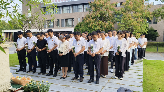 上午7时20分,全体人员手持菊花肃立在张齐生院士雕像前静默,以最深切的哀思表达对张齐生院士的崇敬和怀念之情。随后,大家依次上前,怀着对张齐生院士无私奉献与卓越成就的崇高敬意,深深鞠躬致敬,并将手中的菊花轻轻放置于张齐生院士铜像前。
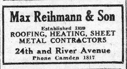MAX FREDERICK REIHMANN SR. Both sons, Paul Riehmann and Max Riehmann Jr. went into the roofing business after Max Riehmann retired. Max Riehmann Jr. was active in the fund raising drive in the 1920s that culminated in the building of the Walt Whitman Hotel at Broadway and Cooper Street, and with the Lions Club in Camden during the 1930s. |
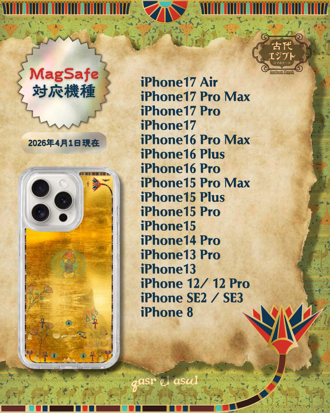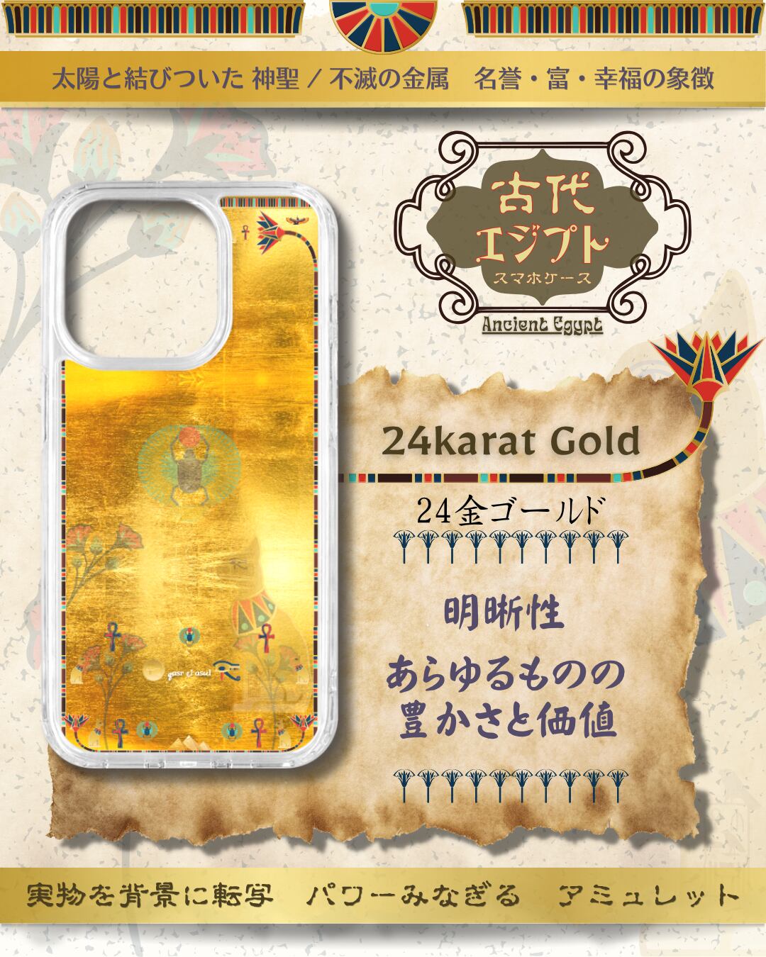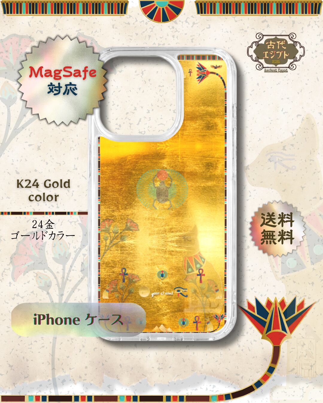 MagSafe対応| Ancient Egypt 古代エジプト|24金ゴールドカラー|耐衝撃 iPhoneケース
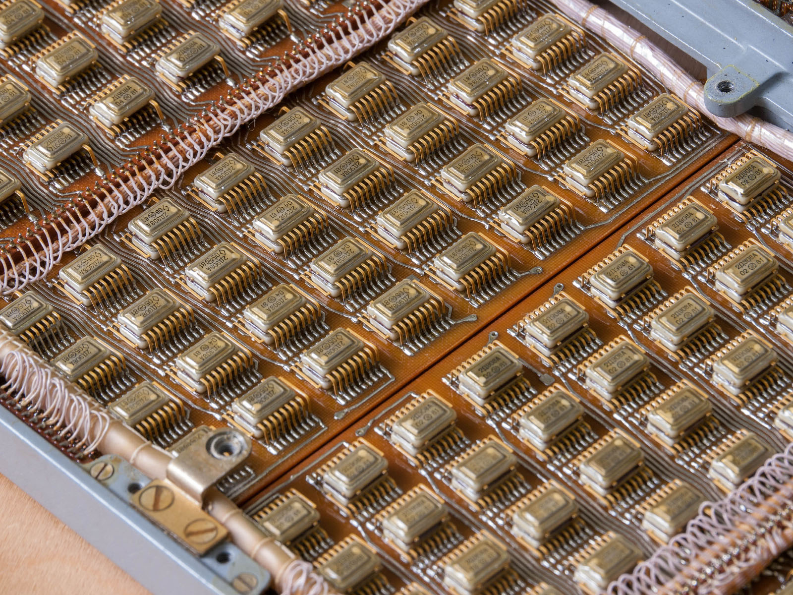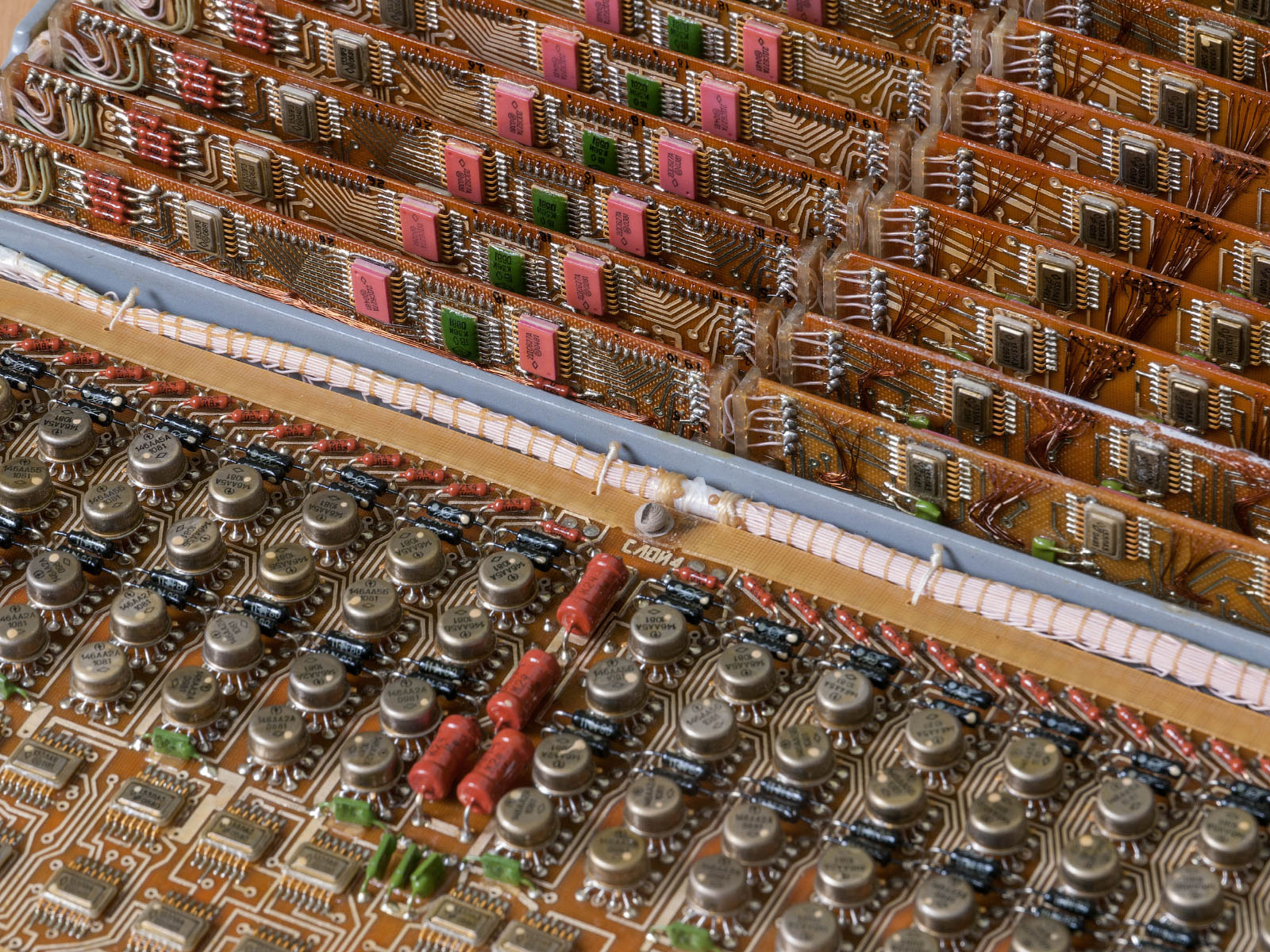Other areas are occupied by printed circuit boards with a variety of logic elements. The boards are placed in two layers, on the lower ones there are diode assemblies - decoders. Due to the need to accommodate a large amount, an interesting sandwich montage was used.

- _Task prompt_: The lines above must be transcribed exactly, with every picture left out.

- _Answer section_:
 上午7时20分,全体人员手持菊花肃立在张齐生院士雕像前静默,以最深切的哀思表达对张齐生院士的崇敬和怀念之情。随后,大家依次上前,怀着对张齐生院士无私奉献与卓越成就的崇高敬意,深深鞠躬致敬,并将手中的菊花轻轻放置于张齐生院士铜像前。
MAX FREDERICK REIHMANN SR. Both sons, Paul Riehmann and Max Riehmann Jr. went into the roofing business after Max Riehmann retired. Max Riehmann Jr. was active in the fund raising drive in the 1920s that culminated in the building of the Walt Whitman Hotel at Broadway and Cooper Street, and with the Lions Club in Camden during the 1930s. |
 MagSafe対応| Ancient Egypt 古代エジプト|24金ゴールドカラー|耐衝撃 iPhoneケース
Other areas are occupied by printed circuit boards with a variety of logic elements. The boards are placed in two layers, on the lower ones there are diode assemblies - decoders. Due to the need to accommodate a large amount, an interesting sandwich montage was used.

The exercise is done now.